Attacking nuclear energy does not promote wind and solar for the following reasons:

  1. Nuclear, being baseload, does not compete with wind and solar photovoltaic, which, because of their intermittent nature, can only be used to reduce the fuel bills of natural gas or diesel peaking and load following power plants which can vary power output to match the fluctuations from wind and solar.
  2. The latest National Renewable Energy Lab study found that renewables can only provide maybe a third of our total energy needs, making nuclear the only low carbon technology available to help replace the reaming 2/3 of our energy needs. If we are going to replace fossil fuels, we will need both renewables and nuclear.

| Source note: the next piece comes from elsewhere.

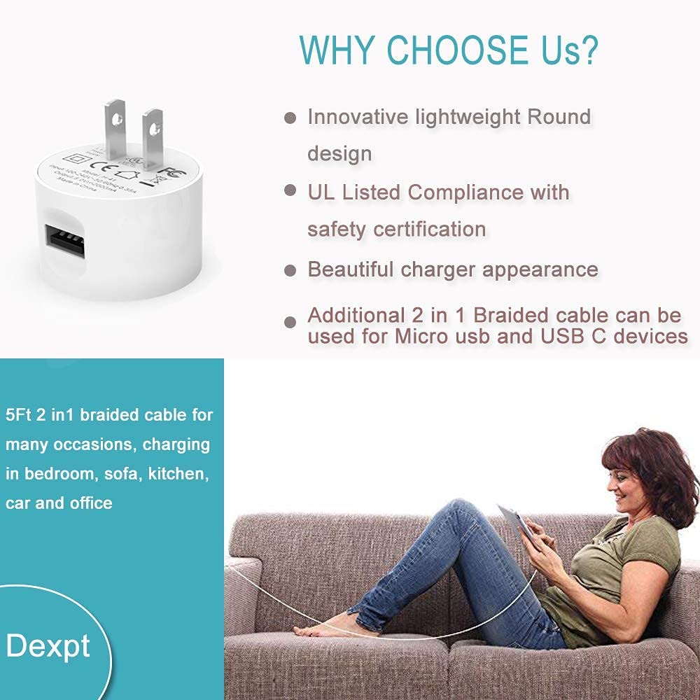 5Ft 2 In 1 Charger Fit For Samsung Galaxy Tab A E,S,S2,3,4, 10.1'' 7.0'' 8.0'' 8.4'' 9.6'' 9.7'',Sm T580/T380/T280/P580/T387/T37

This same paper also summarized:

"... the wildlife benefits from a 580-MW wind farm at Altamont Pass in California, a facility that some have criticized for its impact on wildlife."

Some have criticized? Considering that an estimated 1300 raptors (among them 70 golden eagles) are killed annually at the Altamont Pass wind farm, one can certainly hypothesize that the population of common ground squirrels that they prey upon are doing very well (sarcasm alert).

Some findings of the above reviews (here and here) follow:

A claim that the abandoned Berkeley uranium pit mine kills 300 snow geese per year turns out not to be true, and to make matters worse, it was a copper mine, not a uranium mine. Note that because wind farms tend to be located further from the cities that use their power, they consume far more copper in the form of power lines than nuclear power, which could also be used in many instances to replace coal power plants in existing coal power plant locations, requiring no new power lines.

A grossly exaggerated estimate of birds killed when colliding with smokestacks during nightly migrations at a nuclear power plant turned out to be smokestacks used by a coal fired power plant which was co-located with a low-profile nuclear power plant that does not use the smokestacks or nearby cooling tower. And to make matters worse, lights were installed on those coal plant towers which ended the bird strikes.

The rest of his data linking bird strikes with nuclear power plant cooling towers shows that they kill ten times fewer birds than his wind estimates.

Also, his wind bird kill numbers were about five times too low, making wind 15 times worse than nuclear, and if you include bats, wind kills 20 times more flying vertebrates than nuclear.

Had the author included all of the mining that supports wind power and bird kills from all of the extra power lines needed by wind, nuclear would have looked even better in comparison.